CLCA1 molecule plays a special role in the mucus pathway

Published on November 26, 2012 at 11:38 PM · No Comments

Respiratory conditions that restrict breathing such as asthma and chronic obstructive pulmonary disease (COPD) are common killers worldwide. But no effective treatments exist to address the major cause of death in these conditions - excess mucus production.

"There is good evidence that what kills people with severe COPD or asthma is mucus obstructing the airway," says Michael J. Holtzman, MD, the Selma and Herman Seldin Professor of Medicine at Washington University School of Medicine in St. Louis. "It's a huge unmet medical problem and is only increasing in this country and throughout the world."

Now, Holtzman and his colleagues have described the molecular pathway responsible for excess mucus in airway cells and have used that information to design a series of new drugs that inhibit that pathway.

Their study appears online Nov. 26 in the Journal of Clinical Investigation.

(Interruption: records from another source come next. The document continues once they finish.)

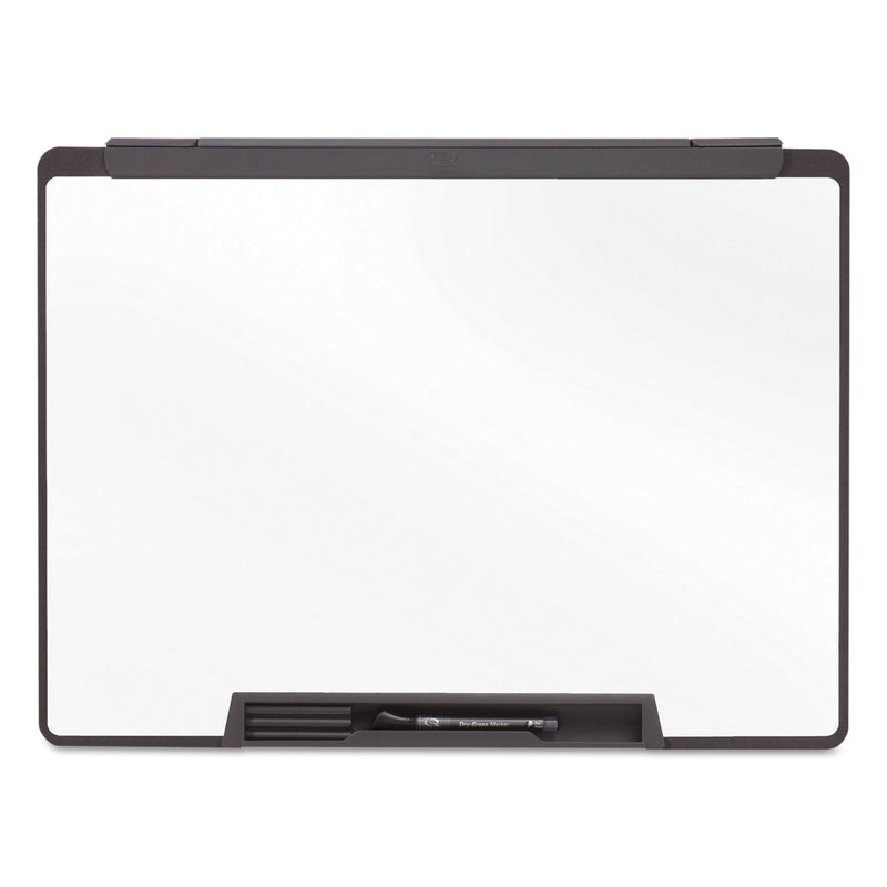 Durable, mobile whiteboard with smooth writing surface, designed for organizing daily tasks and on-the-go presentations in contemporary work environments. Lightweight for easy transport between personal workstation and meeting rooms. Extend surface life with regular cleanings using Quartet® cleaning solutions. Built-in swivel hangers attach to most office surfaces, including cubicle walls. Store accessories in built-in accessory tray. Includes one Quartet® dry-erase marker and one board eraser.
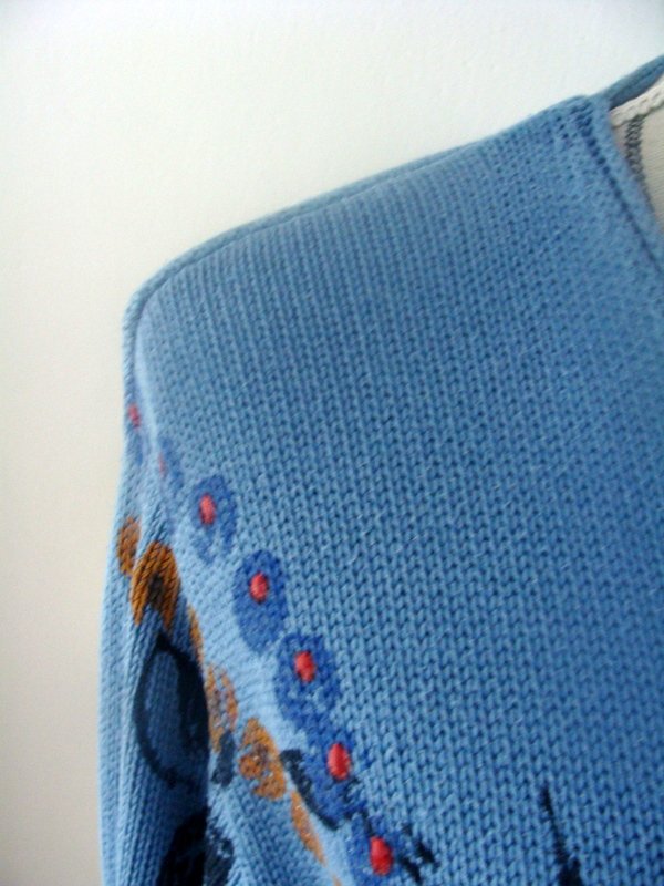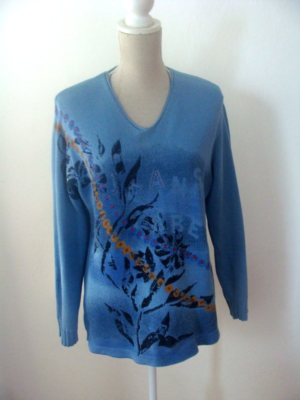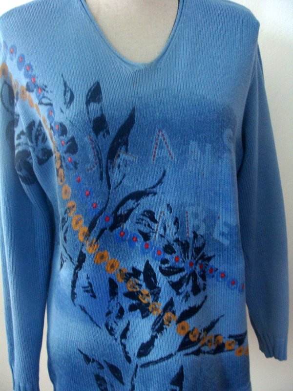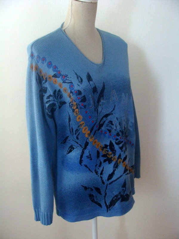 Bawełniano- akrylowy sweter w błękitnym kolorze z cieniowanym przodem i kwiatowym nadrukiem w kolorach zgaszonej żółci, czerwieni i czerni.
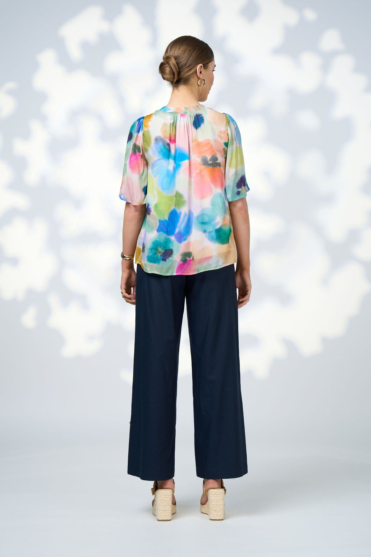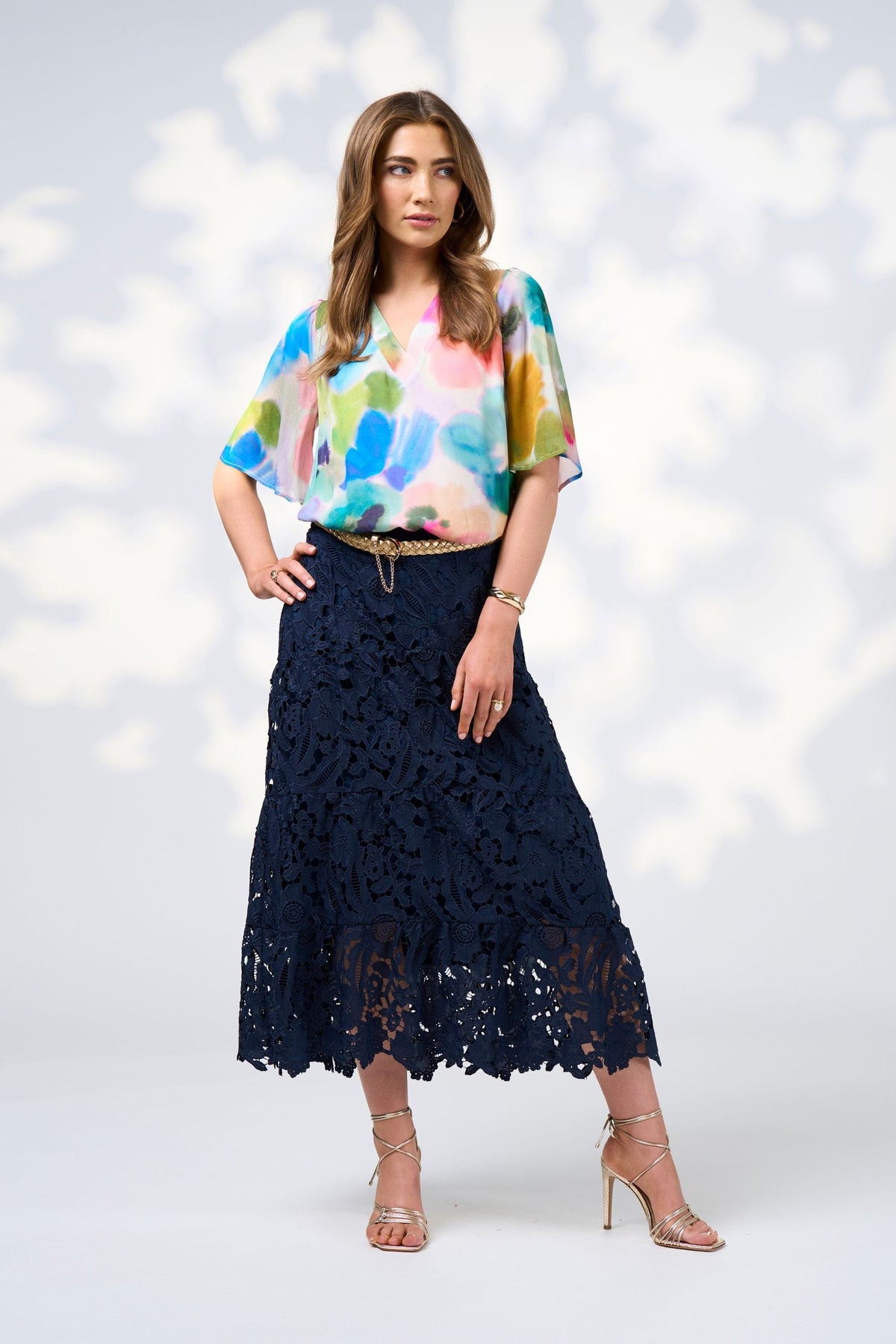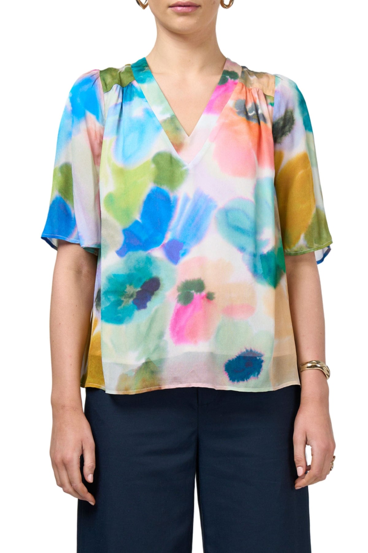 Sheer floaty tee with deep V neckline and floaty sleeves. With a lined body.

Chronic respiratory disease, especially COPD, is the third leading cause of death in the United States and worldwide. Smoking and exposure to pollution are major causes of these diseases. Related conditions that affect the respiratory airways, like asthma and bronchitis, are also among the most common causes of human disease in adults and children. The morbidity and mortality from these conditions is closely linked to excess mucus production that blocks the airways and prevents normal breathing. However, there are no effective treatments to address the overproduction of airway mucus.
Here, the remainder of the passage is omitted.